Voici quelques bonnes pratiques pour la protection DMARC.

  • Commencez par les options relaxed et quarantine, puis progressez vers un régime strict.
  • N’utilisez pas plus de deux destinations différentes pour les rapports, car les fournisseurs de messagerie n’en desservent pas davantage.
  • Ne déclarez pas plusieurs entrées RUA et RUF.
  • Si votre organisation est grande ou compte de nombreux sous-domaines, mieux vaut passer par une implémentation DMARC automatisée, qui aide à monter en charge efficacement.
  • Utilisez un service dédié de suivi DMARC pour analyser les informations, car les rapports agrégés et forensiques sont lisibles par une machine. Si vous en cherchez un, notre comparatif des meilleures alternatives à EasyDMARC mesure les options sur le prix et la profondeur des rapports.

Conclusion

DMARC est l’un des protocoles d’authentification les plus puissants, et il a prouvé sa validité et son efficacité au fil des ans. Il ne s’agit pas seulement de valider les e-mails et de rejeter ceux qui ne sont pas autorisés. Il s’agit d’offrir un moyen de coordonner les efforts des expéditeurs et des serveurs de réception, et de les mettre en position de force pour combattre l’usurpation et l’hameçonnage.
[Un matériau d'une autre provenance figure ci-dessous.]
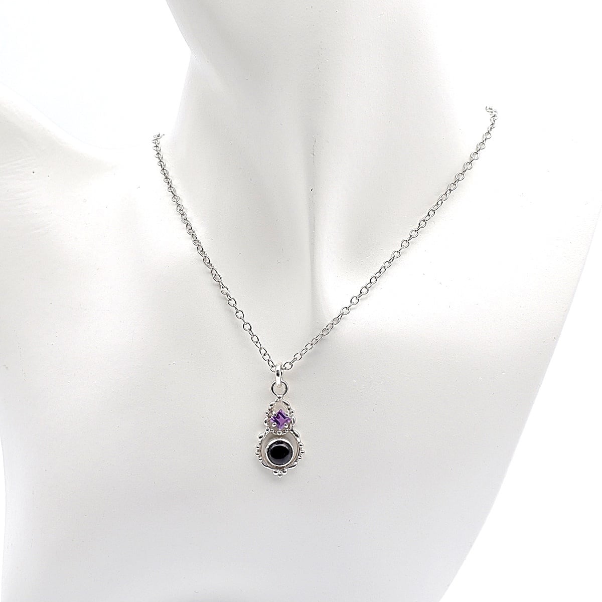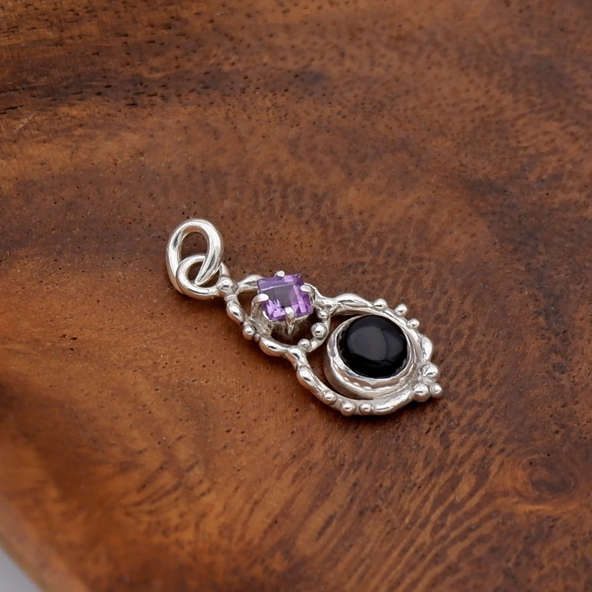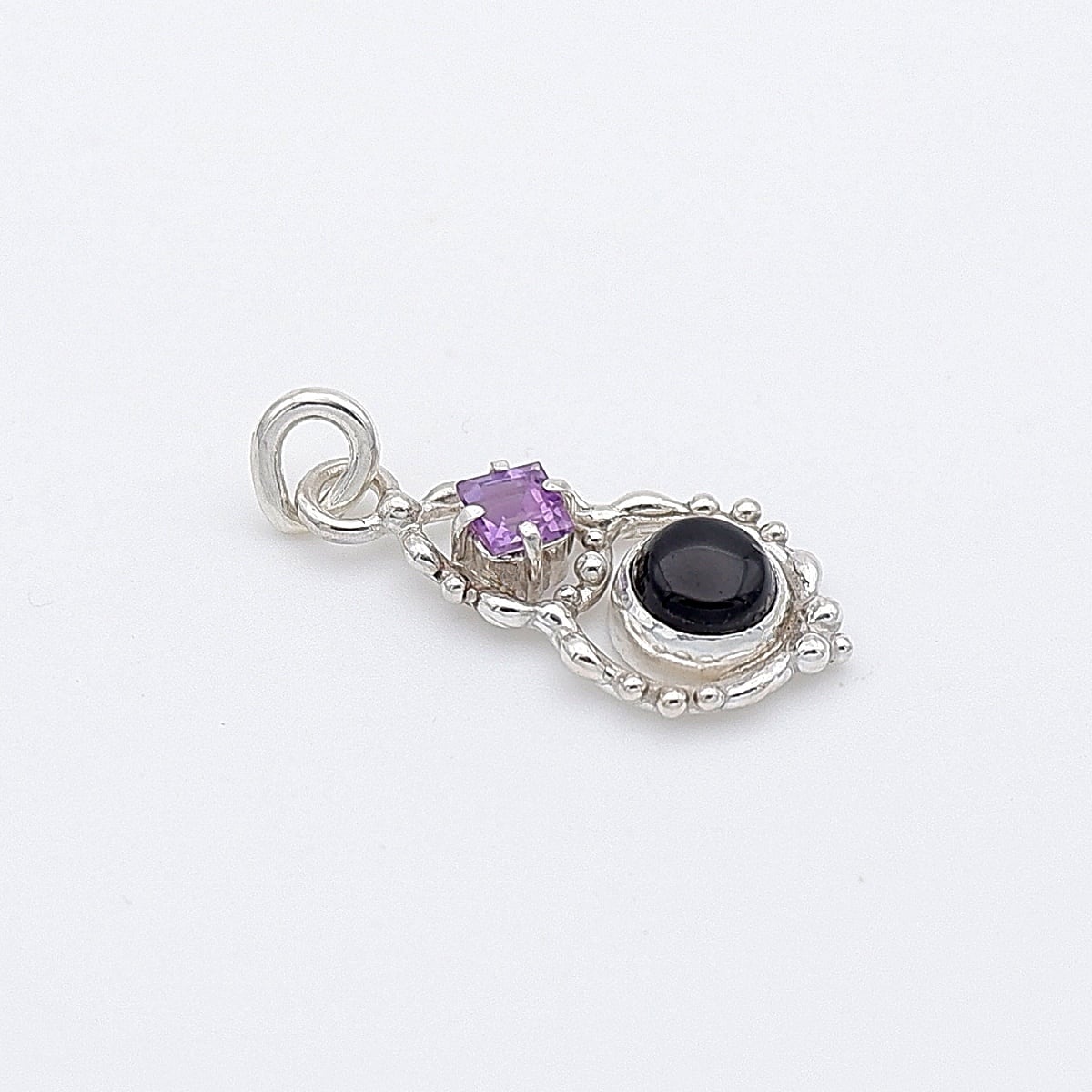 宝石質のスクエアカット・アメジストを添えたデザインペンダントです。
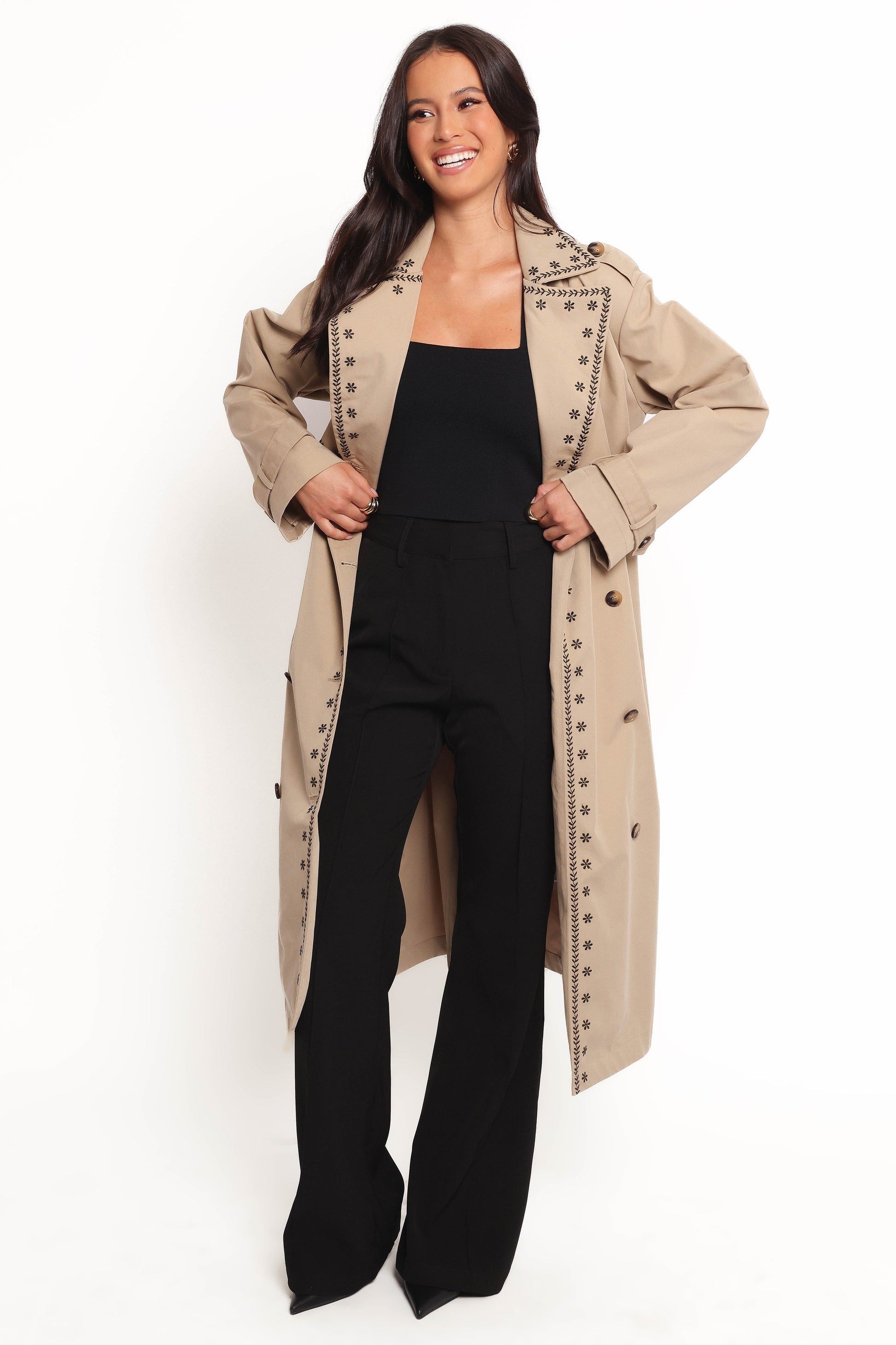 DETAILS This elegant coat features a classic notch lapel and long sleeves, lending a polished touch to any outfit. The double-breasted button closure ensures a snug fit, while the belt loops and detachable waist tie allow you to accentuate your silhouette effortlessly.

Même si DMARC est un outil puissant, il joue en équipe, jamais en solitaire. Représentant de l’approche par couches, il doit se combiner à d’autres technologies de sécurité pour offrir une protection optimale et éviter aux entreprises de perdre de l’argent à cause de menaces numériques qui coûtent chaque année des milliards de dollars aux entreprises du monde entier.